[ExI] Is Artificial Life Conscious?

Stuart LaForge avant at sollegro.com
Fri May 13 05:45:59 UTC 2022


Quoting Brent Allsop:

> It is a necessary truth, that if you know something, that knowledge must be
> something.
> And if you have knowledge that has a redness quality, there must be
> something in your brain that has that quality that is your conscious
> knowledge.

I think what you have done with your color problem is entangle the
hard problem of consciousness with the millennia old problem of
universals. Does redness actually exist at all? Does redness exist
only in the brain? Can something have the redness quality without
actually being red? Does it have the redness quality when it is
outside of the brain?

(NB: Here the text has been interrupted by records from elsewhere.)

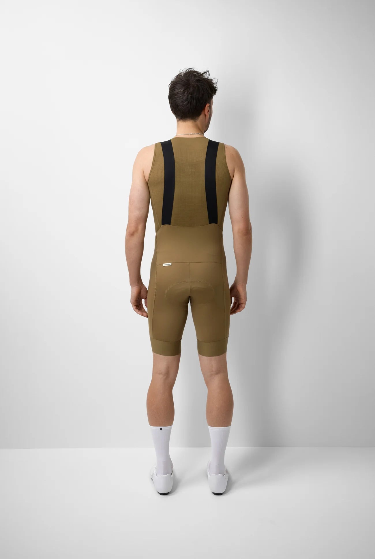 軽量なイタリア製4-Wayストレッチ生地がペダリングに追従し、適度なコンプレッションでフォーム維持をサポート。吸汗速乾・高通気で蒸れを抑え、背面メッシュストラップが熱を逃がしつつビブを安定固定します。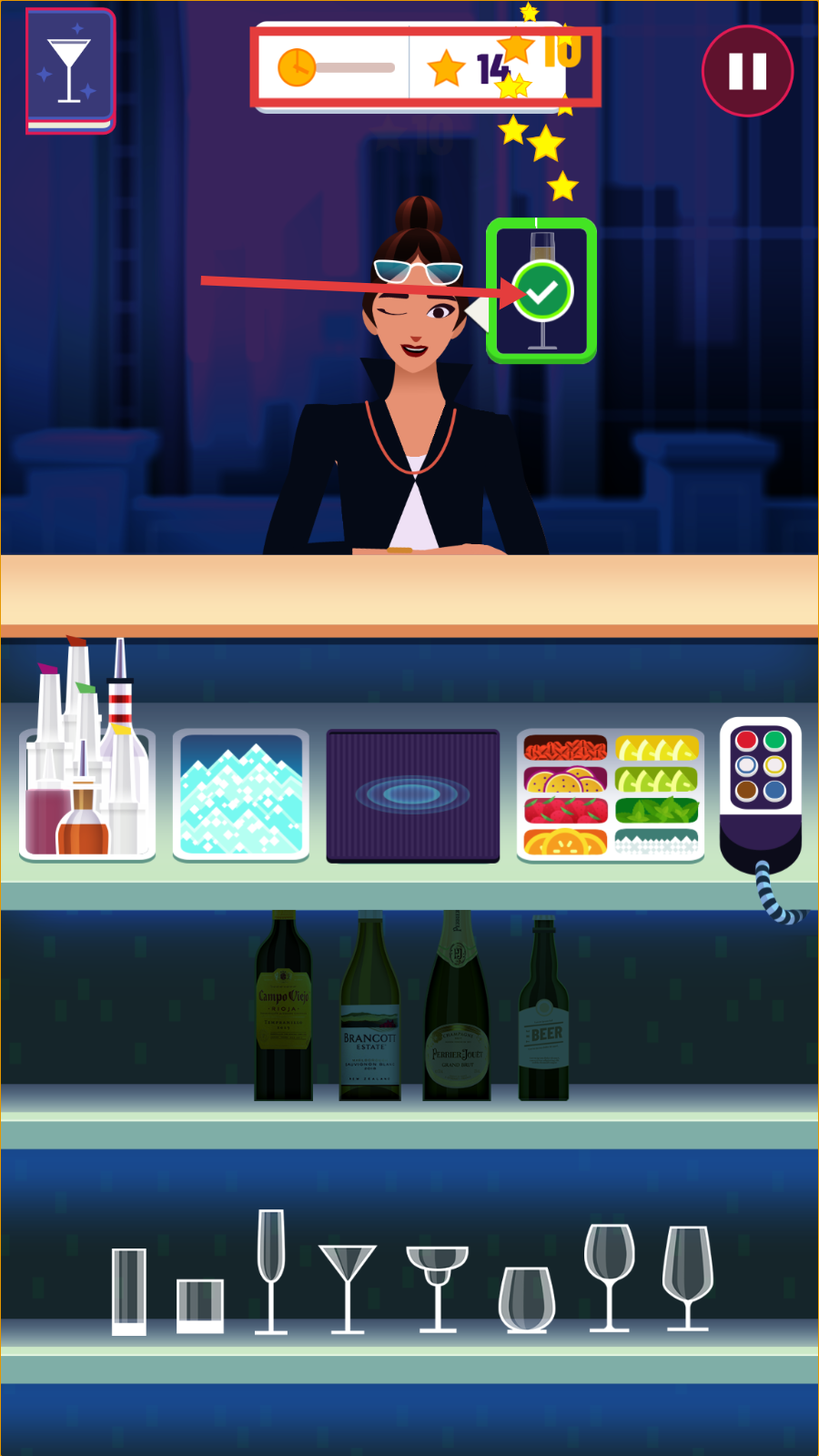 4、成功调酒服务顾客后,会出现绿色对勾,同时获得星星奖励,星星可用于解锁更多内容。
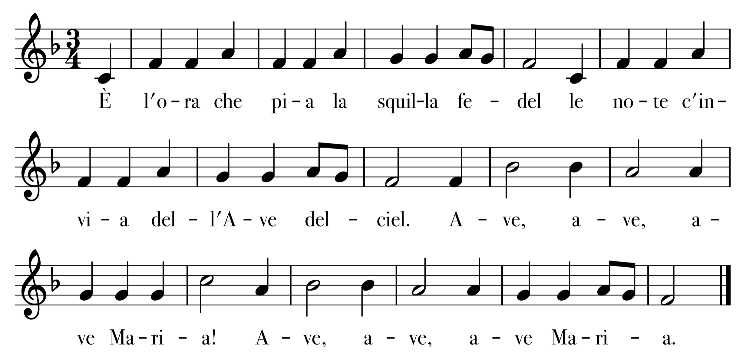 Canto simbolo della Madonna di Lourdes, conosciuto anche con il titolo “è l’ora che pia”, è un canto adatto per le celebrazioni mariane o come canto conclusivo.

Can abstract information have the redness
quality? Is something red if nobody can see it?

> This is true if that stuff is some kind of "Material" or "electromagnetic
> field" "spiritual" or "functional" stuff, it remains a fact that your
> knowledge, composed of that, has a redness quality.

It seems you are quite open-minded when it comes to what qualifies as
"stuff". If so, then why does your 3-robot-scenario single out
information as not being stuff? If you wish to insist that something
physical in the brain has the redness quality and conveys knowledge of
redness, then why glutamate? Why not instead hypothesize that is the
only thing that prima facie has the redness property to begin with
i.e. red light? After all there are photoreceptors in the deep brain.